Start of Block
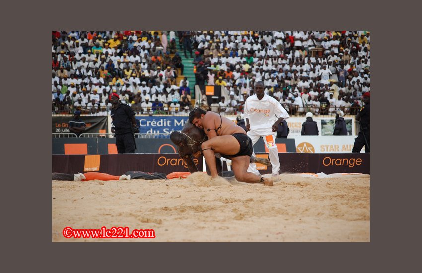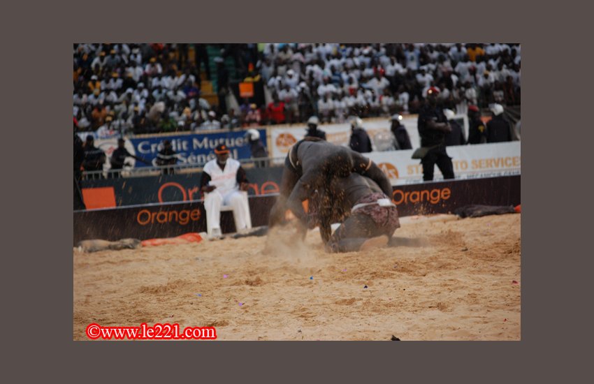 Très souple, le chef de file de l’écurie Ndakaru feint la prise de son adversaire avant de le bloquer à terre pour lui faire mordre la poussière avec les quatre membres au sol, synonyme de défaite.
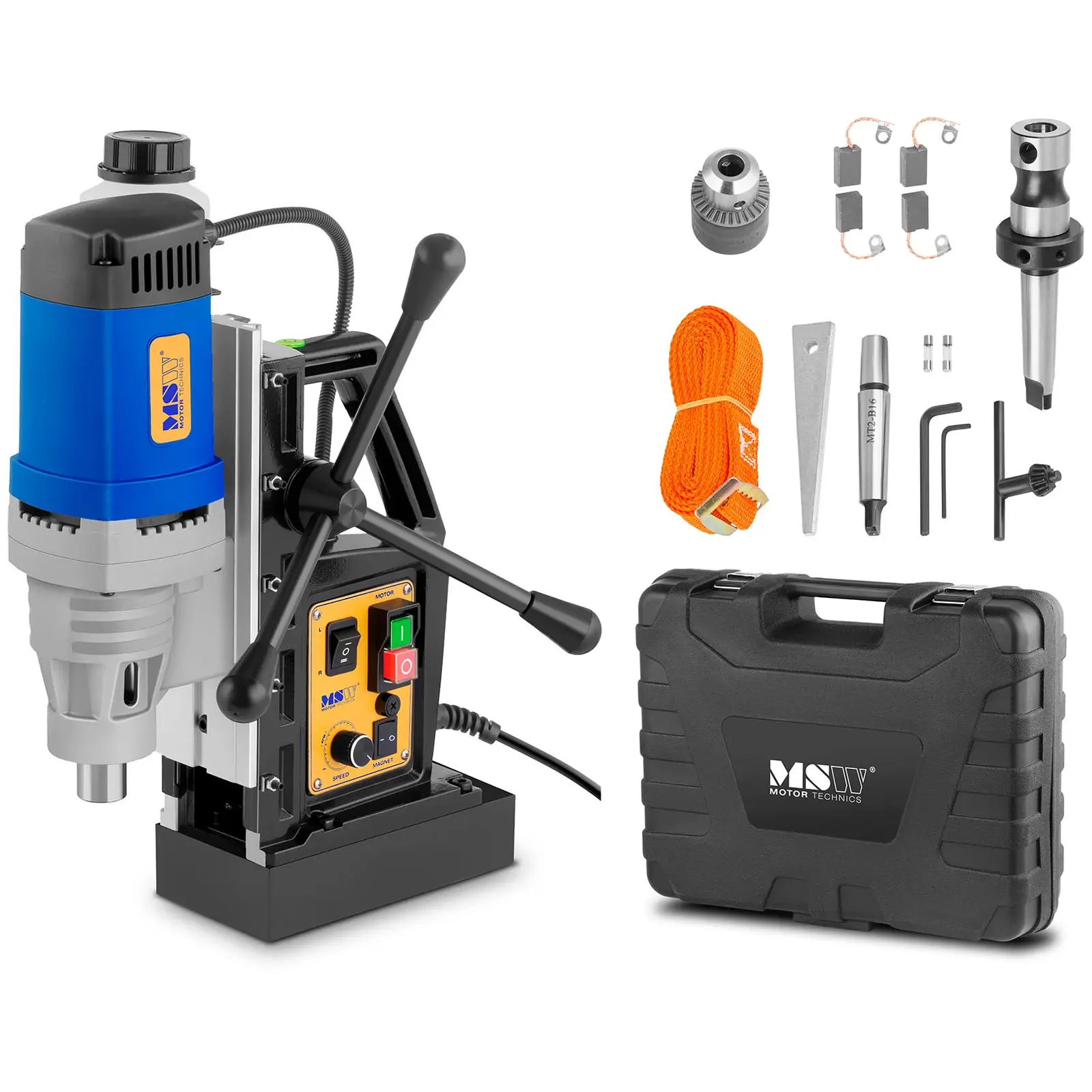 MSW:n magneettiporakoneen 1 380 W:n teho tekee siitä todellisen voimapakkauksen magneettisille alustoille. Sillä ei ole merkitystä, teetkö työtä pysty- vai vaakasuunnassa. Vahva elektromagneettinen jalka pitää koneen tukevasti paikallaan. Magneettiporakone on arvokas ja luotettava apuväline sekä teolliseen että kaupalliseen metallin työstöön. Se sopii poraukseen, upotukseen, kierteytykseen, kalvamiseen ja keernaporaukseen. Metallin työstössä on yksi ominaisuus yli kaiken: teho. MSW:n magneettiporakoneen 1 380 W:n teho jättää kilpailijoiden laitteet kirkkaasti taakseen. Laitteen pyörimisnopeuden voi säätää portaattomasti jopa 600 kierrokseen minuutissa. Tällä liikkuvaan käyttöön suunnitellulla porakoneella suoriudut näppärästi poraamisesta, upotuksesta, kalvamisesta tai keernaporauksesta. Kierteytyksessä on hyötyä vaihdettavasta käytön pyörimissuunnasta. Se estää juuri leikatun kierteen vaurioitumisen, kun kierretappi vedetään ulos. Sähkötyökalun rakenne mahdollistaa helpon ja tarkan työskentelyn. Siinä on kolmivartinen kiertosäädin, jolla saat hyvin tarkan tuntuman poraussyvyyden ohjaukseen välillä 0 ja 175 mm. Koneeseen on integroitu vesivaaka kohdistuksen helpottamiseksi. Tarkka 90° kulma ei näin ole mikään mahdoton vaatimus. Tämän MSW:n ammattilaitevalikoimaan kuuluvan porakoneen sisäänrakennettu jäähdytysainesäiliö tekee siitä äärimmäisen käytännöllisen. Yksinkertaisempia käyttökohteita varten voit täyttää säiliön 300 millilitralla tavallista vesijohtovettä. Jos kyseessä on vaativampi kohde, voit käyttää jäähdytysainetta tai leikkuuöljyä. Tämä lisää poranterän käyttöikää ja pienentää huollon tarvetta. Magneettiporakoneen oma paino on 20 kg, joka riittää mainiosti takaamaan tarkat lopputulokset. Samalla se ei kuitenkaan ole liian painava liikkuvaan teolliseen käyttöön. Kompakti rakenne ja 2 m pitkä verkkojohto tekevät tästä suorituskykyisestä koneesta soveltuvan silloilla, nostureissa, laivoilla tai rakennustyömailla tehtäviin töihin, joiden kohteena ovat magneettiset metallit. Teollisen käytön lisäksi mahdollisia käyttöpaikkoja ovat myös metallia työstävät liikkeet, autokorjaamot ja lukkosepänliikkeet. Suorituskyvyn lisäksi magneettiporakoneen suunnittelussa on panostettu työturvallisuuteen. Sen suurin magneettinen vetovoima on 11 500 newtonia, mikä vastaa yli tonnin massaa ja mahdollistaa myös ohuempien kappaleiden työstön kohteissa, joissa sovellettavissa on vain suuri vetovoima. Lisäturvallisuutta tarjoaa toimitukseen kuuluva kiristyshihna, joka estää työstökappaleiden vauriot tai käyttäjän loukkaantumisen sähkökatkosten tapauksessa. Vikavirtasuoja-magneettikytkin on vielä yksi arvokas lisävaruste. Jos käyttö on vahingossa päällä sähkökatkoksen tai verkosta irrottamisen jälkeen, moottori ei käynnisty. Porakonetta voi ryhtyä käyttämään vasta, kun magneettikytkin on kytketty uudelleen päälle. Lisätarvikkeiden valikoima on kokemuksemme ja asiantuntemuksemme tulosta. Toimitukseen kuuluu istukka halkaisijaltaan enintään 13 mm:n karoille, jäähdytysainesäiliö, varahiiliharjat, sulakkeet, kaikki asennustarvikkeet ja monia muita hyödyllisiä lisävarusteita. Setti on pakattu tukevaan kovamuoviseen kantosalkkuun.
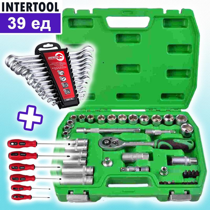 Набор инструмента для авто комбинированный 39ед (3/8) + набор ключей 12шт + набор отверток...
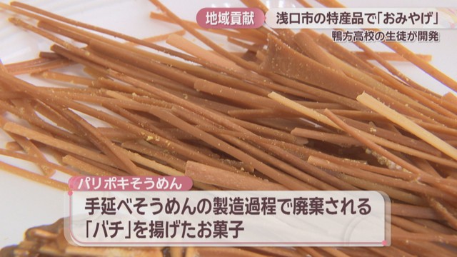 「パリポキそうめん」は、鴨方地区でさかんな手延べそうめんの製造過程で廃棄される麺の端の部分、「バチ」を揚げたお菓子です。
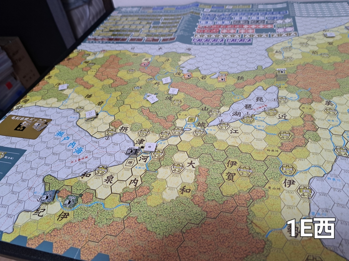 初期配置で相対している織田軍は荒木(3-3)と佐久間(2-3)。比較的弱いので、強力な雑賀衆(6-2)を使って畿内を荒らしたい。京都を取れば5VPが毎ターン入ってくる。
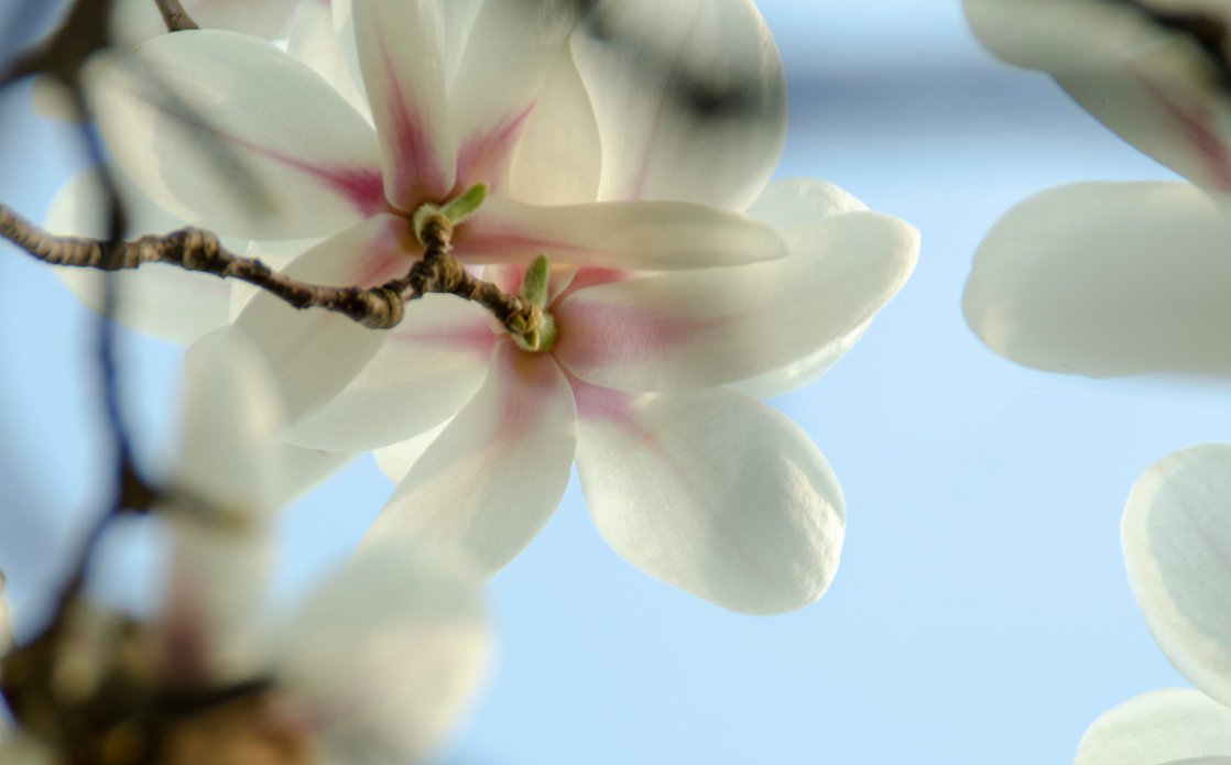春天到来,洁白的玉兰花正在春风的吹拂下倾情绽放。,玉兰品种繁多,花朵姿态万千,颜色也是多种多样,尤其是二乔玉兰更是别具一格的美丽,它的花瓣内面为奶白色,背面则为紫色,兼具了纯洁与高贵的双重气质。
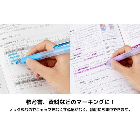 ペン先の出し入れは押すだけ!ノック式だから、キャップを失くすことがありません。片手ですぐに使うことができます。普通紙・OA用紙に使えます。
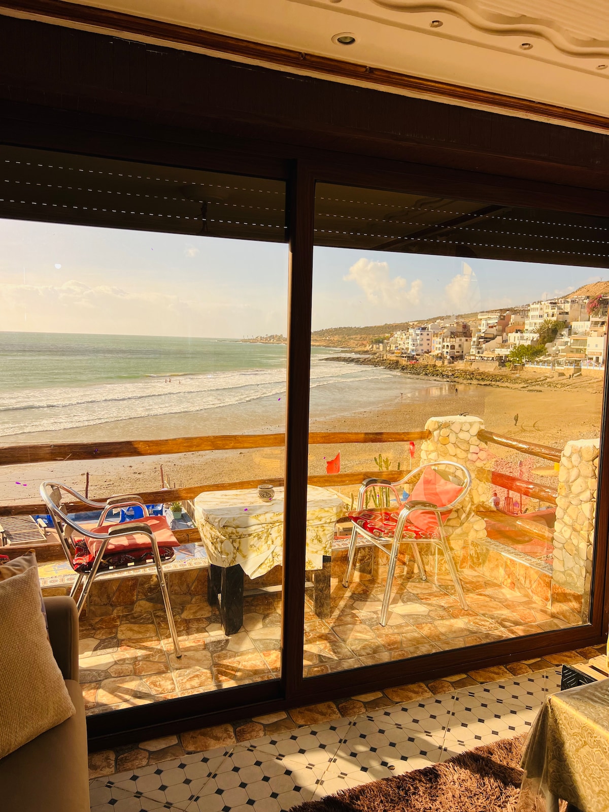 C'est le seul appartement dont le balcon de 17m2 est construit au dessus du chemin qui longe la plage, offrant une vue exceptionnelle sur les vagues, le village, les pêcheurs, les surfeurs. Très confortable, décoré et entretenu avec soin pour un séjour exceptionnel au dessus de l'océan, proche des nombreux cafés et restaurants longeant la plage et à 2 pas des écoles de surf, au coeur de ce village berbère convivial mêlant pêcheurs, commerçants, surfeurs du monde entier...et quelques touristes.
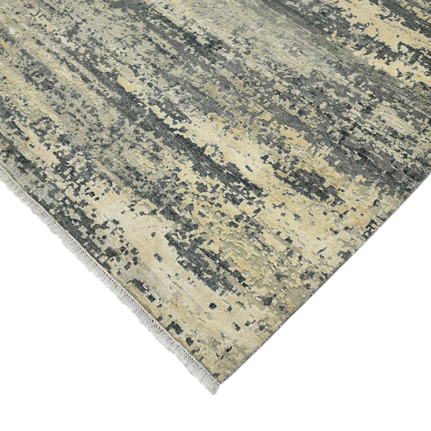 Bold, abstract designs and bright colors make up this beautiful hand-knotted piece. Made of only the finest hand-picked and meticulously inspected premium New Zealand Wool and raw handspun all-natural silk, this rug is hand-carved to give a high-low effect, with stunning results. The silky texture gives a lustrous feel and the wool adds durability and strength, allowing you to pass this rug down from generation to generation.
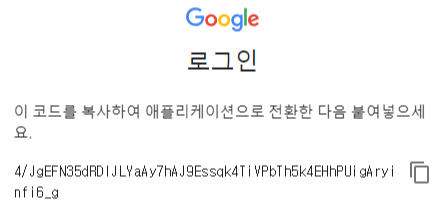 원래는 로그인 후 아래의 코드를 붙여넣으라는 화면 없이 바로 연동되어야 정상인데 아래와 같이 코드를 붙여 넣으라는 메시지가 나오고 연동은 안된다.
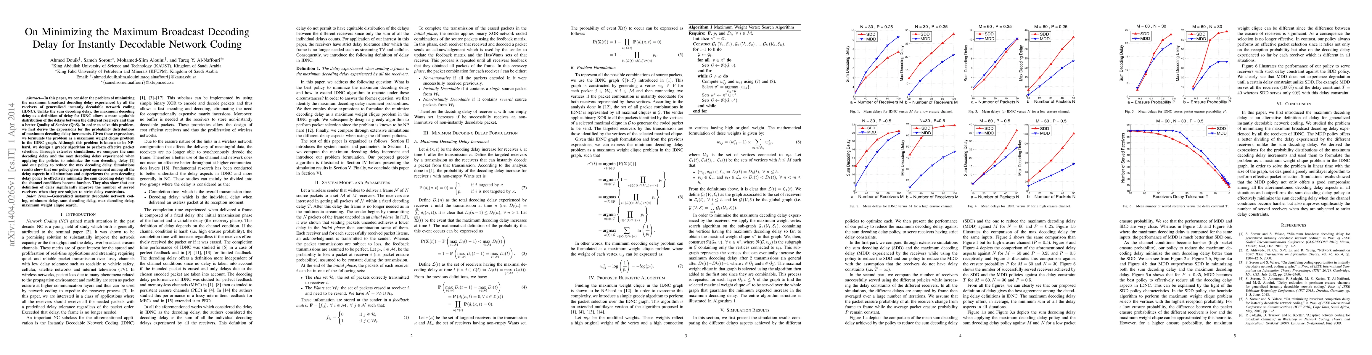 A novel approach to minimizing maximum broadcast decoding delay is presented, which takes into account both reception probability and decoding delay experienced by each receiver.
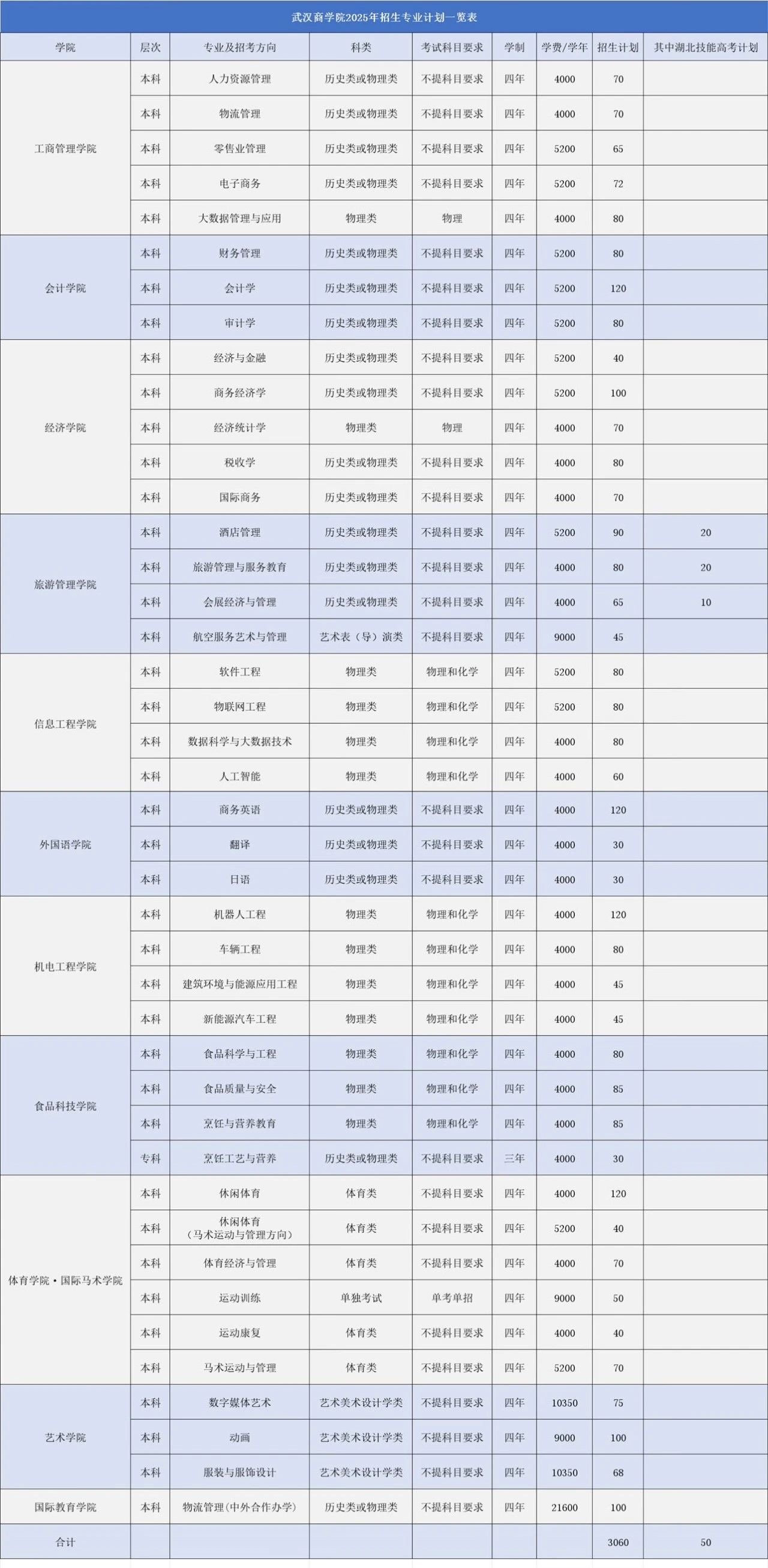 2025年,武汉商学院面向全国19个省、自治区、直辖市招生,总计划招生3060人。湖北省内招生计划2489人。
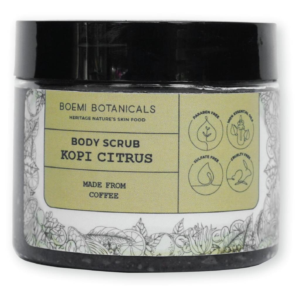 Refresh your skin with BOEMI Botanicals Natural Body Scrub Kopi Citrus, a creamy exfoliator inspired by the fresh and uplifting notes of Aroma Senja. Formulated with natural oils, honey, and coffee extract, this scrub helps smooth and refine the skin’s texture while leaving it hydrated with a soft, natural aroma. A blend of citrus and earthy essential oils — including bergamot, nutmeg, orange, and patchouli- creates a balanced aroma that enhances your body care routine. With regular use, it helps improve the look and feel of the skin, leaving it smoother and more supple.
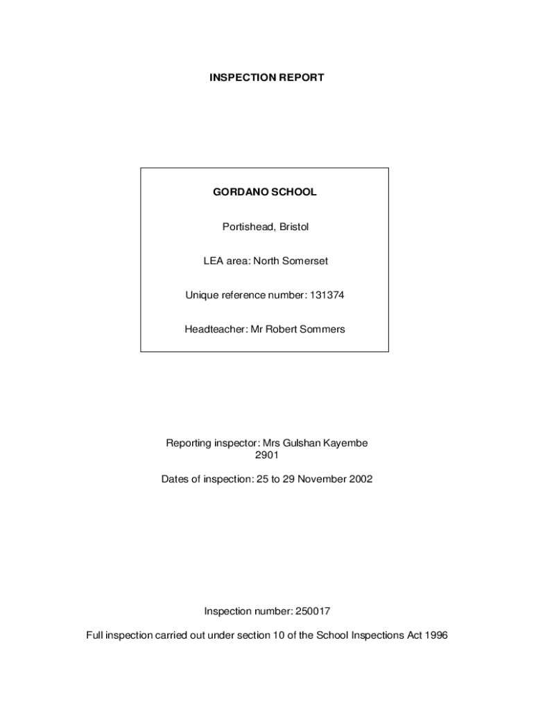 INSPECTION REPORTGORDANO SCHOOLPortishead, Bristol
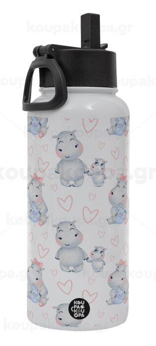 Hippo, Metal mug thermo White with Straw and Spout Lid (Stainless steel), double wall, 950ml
End of Block
◆ **Task statement**: Repeat exactly the lines from the one holding "INSPECTION REPORTGORDANO SCHOOLPortishead, Bristol" through the last line of the entries, both included; the pictures do not belong in the copy.

◆ **Result**:
 INSPECTION REPORTGORDANO SCHOOLPortishead, Bristol
 Hippo, Metal mug thermo White with Straw and Spout Lid (Stainless steel), double wall, 950ml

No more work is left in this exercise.